How do I participate in Green or Libertarian Party candidate selection?

By state law, the Green and Libertarian Parties select their candidates using a convention process. These parties may nominate candidates for any office that will appear on the General Election ballot and multiple candidates may seek their Party’s nomination for any office.

If you wish to participate in the selection of Green or Libertarian Party nominees, you MAY NOT vote in the March 3 Primary. Each voter may only participate in the nominee selection process of ONE party (Democrat, Green, Libertarian or Republican). When casting their ballot in the November General Election, however, voters may vote for the nominees of any party.

For more information about the Green Party and participating in their nominating convention, please go to: http://www.txgreens.org/

For more information about the Libertarian Party and participating in their nominating convention, please go to: http://www.lptexas.org/2020_candidates

Why are judicial elections important?

Judges make decisions about fundamental issues that affect all of us—family life, education, healthcare, housing, employment, finances, discrimination, civil rights, public safety, and govern­ment actions. Those decisions can have long-lasting impact on individuals, groups, and the public as a whole. It is critical that our judges make fair decisions based upon open-minded and unbiased consideration of the facts and the law in each case. Judges must know the law and not be influenced by any external political and economic factors.

What should voters look for when electing judges?

According to the American Bar Association, principles to consider in selection of judges include:

  • Judges should uphold the rule of law.
  • Judges should be independent and impartial.
  • Judges should possess the appropriate temperament and character.
  • Judges should possess the appropriate capabilities and credentials.
  • Judges and the judiciary should have the confidence of the public.
  • The judicial system should be diverse and reflective of the society it serves.
  • Judges should be constrained to perform their duties in a manner that justifies public faith and confidence in the court.

Unlike candidates for most political offices, judicial candidates cannot make promises about deci­sions they would make when certain issues or types of cases come up in their court. Questions posed to judges, therefore, focus on improvements they would make to their court, the need for impartiality and how they would increase access to justice.

How is the Texas court system organized?

The Texas court system is made up of a statewide network of trial courts and appellate courts. In trial courts, judges and/or juries evaluate the facts and the law and make a decision in a civil or criminal legal dispute. When decisions in most trial courts are appealed, they are sent to an appellate court where judges consider what happened at the trial court, evaluate legal arguments, and then decide if a mistake was made. See https://www.txcourts.gov/media/1444966/court-structure-chart-october-2019.pdf for a chart of the Texas court structure.

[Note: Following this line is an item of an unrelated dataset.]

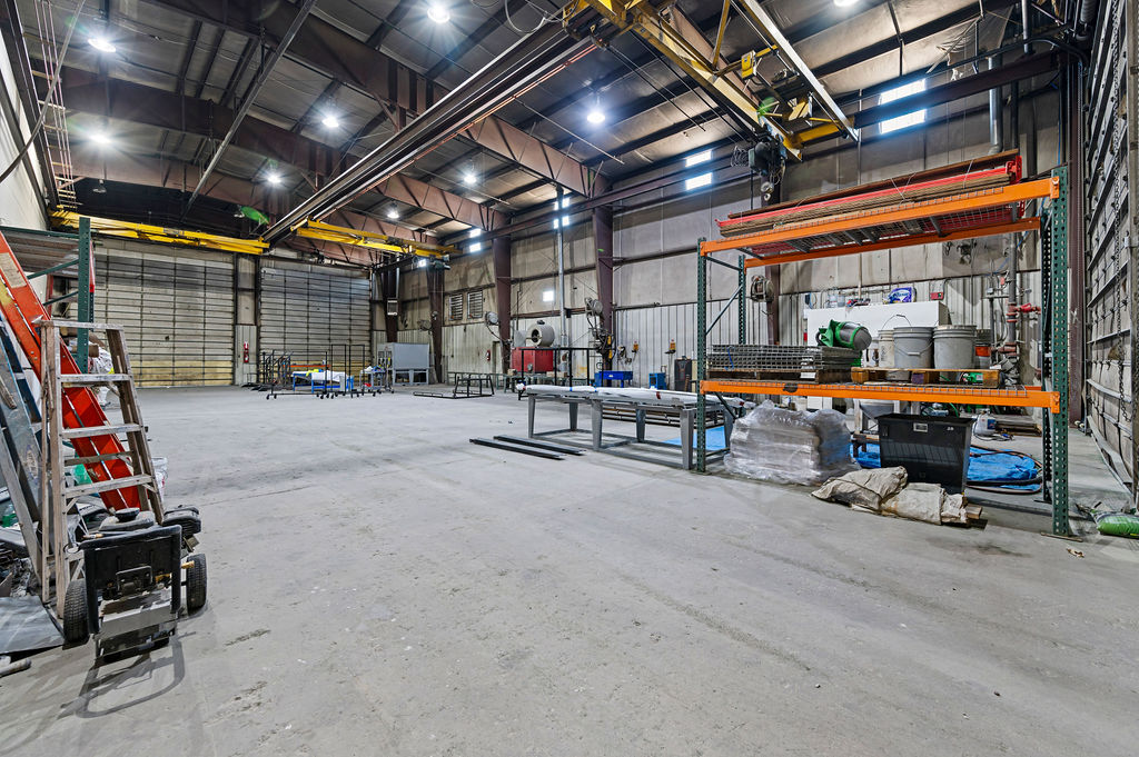The improvements feature multiple office suites and shop areas, providing the ability to segment operations or accommodate multiple users. The warehouse components are equipped with overhead doors of varying heights and include bridge cranes, supporting heavy industrial or service-oriented users.

The state’s two highest courts, the Texas Supreme Court and the Court of Criminal Appeals, have both administrative and appellate responsibilities. The Supreme Court is the final court of appeals within Texas for both civil and juvenile cases. The Court of Criminal Appeals hears criminal cases that are appealed from one of the 14 Courts of Appeals and death penalty cases that by law go straight to the Court of Criminal Appeals. Members of the Texas Supreme Court and the Court of Criminal Ap­peal are elected for six-year terms, with three elected every two years. Vacancies on either of these two courts are filled by gubernatorial appointment until the next general election.

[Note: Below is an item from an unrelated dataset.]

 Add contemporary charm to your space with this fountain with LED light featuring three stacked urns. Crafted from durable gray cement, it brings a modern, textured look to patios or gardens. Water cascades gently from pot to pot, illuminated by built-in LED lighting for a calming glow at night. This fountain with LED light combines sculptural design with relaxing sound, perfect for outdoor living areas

What do the “Propositions” on the Primary Ballot mean?

The Propositions on the Primary Ballot are a sort of straw poll of primary voters’ opinions. Voters will find Propositions on both the Democratic and Republican ballots.  Each political party places it own list of non-binding propositions on the ballot to allow their Primary voters to weigh-in on what they think should become the guiding principles of the party that are then reflected in their party’s state or national party platforms.

Unlike in other elections, voters are not deciding to enact new laws, approve new taxes or amend the Texas Constitution.